この国には四季がある。色鮮やかに表情を変えるこの国の自然は、最も愛すべき祖先からの遺産だ。中でも穏やかな春から躍動する夏へと移って行くこの季節が、貴史は一番好きだ。桜の春を過ぎ生命力溢れる夏の訪れに、貴史の心も弾む。
四季を身体と心で感じることは、とても大切だ。その感動なくして、この仕事は勤まらないと貴史は常々思っている。四季の美しさを和菓子に映すのは、とても繊細で芸術性を問われる仕事だ。とは言え、貴史自身は専ら和菓子を売るだけで、作っているわけではない。
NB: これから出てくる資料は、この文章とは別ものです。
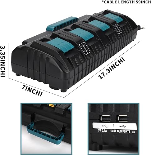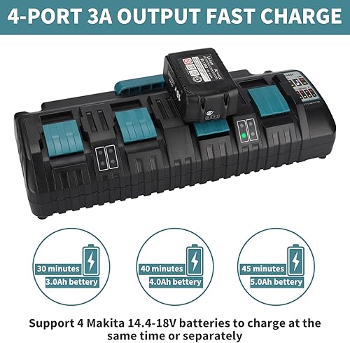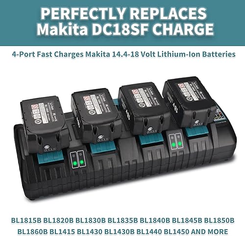 4-Port 3A-Ladegerät für Makita 18V Batterie, DC18SF 14.4-18V Batterieladegerät für BL1850 BL1860B BL1830B BL1840B Li-Ionen-Akku, Ersetzen Sie für DC18RC, DC18RD, DC18RA-Ladegerät (EU-Stecker)
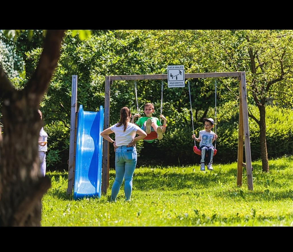 U Rajskom vrtu, na jezeru Tišina, uživati ćete u miru prirode i bogatstvu flore i faune na imanju. Imanje se prostire na više od 6000m2. Bogat sadržaj za djecu i odrasle; nogometni golovi i lopte, PS4, frizbi, badminton, lopta za odbojku, ljuljačke, tobogan, trampolin, prenosivi zvučnik... Veliki roštilj i sjenica smješteni su uz jezero.

けれど職人と同じ感性を持ち、同じ気持ちで商品である和菓子を愛したい。それが、数百年の歴史を持つ老舗の暖簾を守る貴史の心意気だ。
若竹色の着物を纏う貴史の手には、大切そうにキノコの紋の入った藍色の風呂敷包みが握られている。風呂敷の中には、貴史が父親より受け継いだ京都嵯峨野の老舗和菓子屋粒々庵の今夏の新作和菓子が収められている。
風呂敷を見つめる貴史の目は、とても優しい。まるで、愛する日向を見つめるような穏やかな眼差し。恋人であり、粒々庵の若き職人である日向の作った和菓子は貴史にとって、とても愛しく誇らしいものだ。この和菓子には日向の熱意がたくさん込められている。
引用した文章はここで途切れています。